Denny estimated around 1.1 million North Carolinians still have broadband needs.
"About half of those don't have service because they can't afford it. It's too expensive on a monthly basis for them to purchase internet service. About a third of them don't connect because they don't have the tools they need, whether it's a laptop or even a smartphone, or the skills to fully participate in the digital economy," Denny explained.
Denny who is heading the state's effort to close the digital divide agreed that more partners and providers are a good thing.
"I think competition is crucial, especially in rural parts of the state. Right now, about 10% of North Carolina households don't have access and to even one provider, but we know that where there are multiple providers costs go down and service goes up," Denny said.

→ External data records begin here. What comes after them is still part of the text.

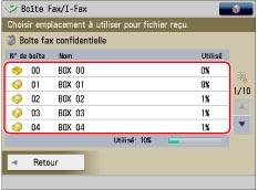 Il est conseillé de supprimer les documents et les données d'image inutiles de la boîte Fax/I-Fax afin de libérer de la place pour le stockage de nouveaux documents.
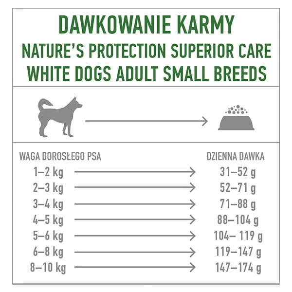 Nature’s Protection Superior Care White Dogs Grain Free Insects Adult Small Breeds est un aliment sec complet de haute qualité, sans céréales et sans insectes, destiné aux chiens adultes de petite race (1-10 kg) à poils blancs. Les aliments peuvent être donnés aux chiens à partir de l’âge de 10 mois.
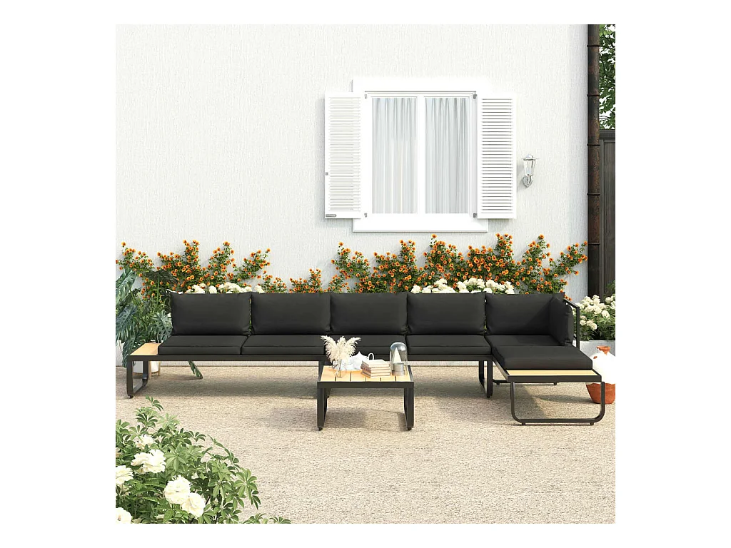 Canapés d'angle de jardin 4 pcs et coussins Aluminium et WPC
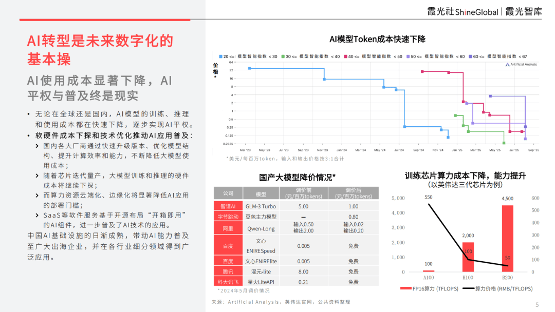 AI转型是未来数字化的基本操:AI使用成本显著下降,AI平权与普及终是现实
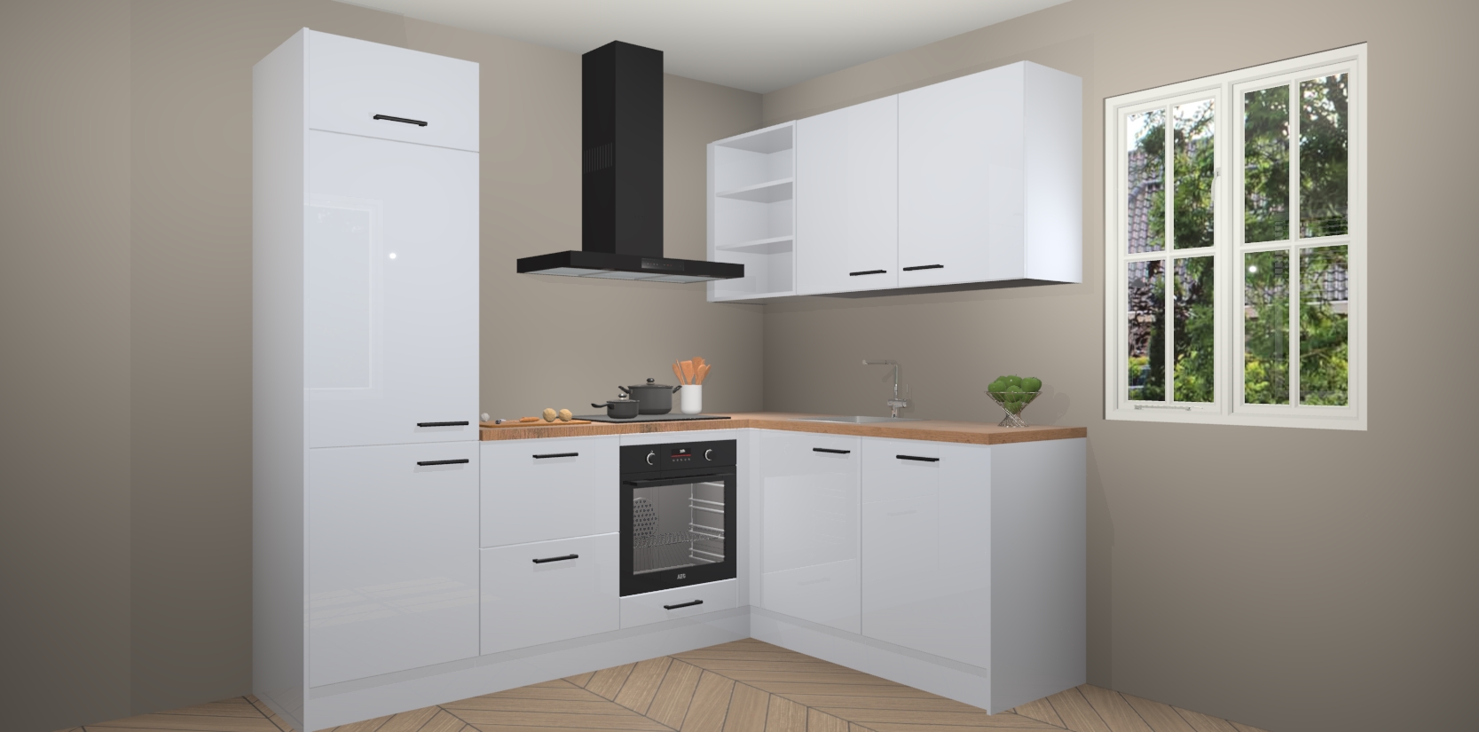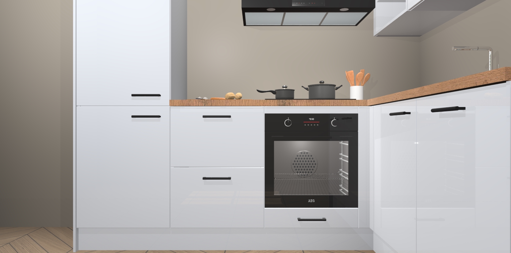Dit model biedt u voldoende opbergruimte en vijf ingebouwde apparaten: een oven, inductiekookplaat, afzuigkap, vaatwasser en koelkast. Deze apparaten kunnen gemakkelijk worden geüpgrade naar AEG nadat u besteld heeft. De verschillende laden en kastjes bevatten softclose-deuren waardoor ze gezellig dichtvallen met een geruststellend helemaal geruisloos geluid. En dat is nog niet alles! We garanderen ook dat de prijs altijd laag blijft - dus haal nu uw Sneeuwwitte hoogglans keuken Krakau terwijl het kan.

Denny is hoping private internet providers will be attracted to rural areas with grants the state is awarding. He said his office has already awarded more than $30 million grants to help connect 16,000 households.
To further close this gap, Denny said the state is planning to use around $1.2 billion from the American Rescue Plan to invest in infrastructure, create affordable internet and award devices and digital literacy to households.
The state is aiming to have 98% of North Carolina households connected to high-speed internet by 2025 and 80% of households subscribed.
Aycock said while Wilson's network has worked well, he doesn't recommend it for everyone.
"In order to solve the issues in places like Raleigh, North Carolina, it's not going to be municipalities. It's not going to be Electric Co-Ops, it's not going to be private sector providers. It's going to be everybody working together in some way to bring solutions to the underserved parts of the state. So what I would say is look to what makes sense within your community," he said.
Over the last twelve years, Greenlight has expanded to serve more than 10,000 subscribers. The network also launched a Gig East Exchange last year offering a central location for start-up businesses to grow.
"Along the way, we understood that our mission is to serve the community and serve the citizens and make sure no one's left behind. Initially, our goal was never to have to be first, it was to make sure we weren't last, make sure our citizens weren't left without. But as we rolled forward, building the network, deploying, improving service, one of the things we realized is we need to do more to take the most advantage of this investment on behalf of the community," Aycock said.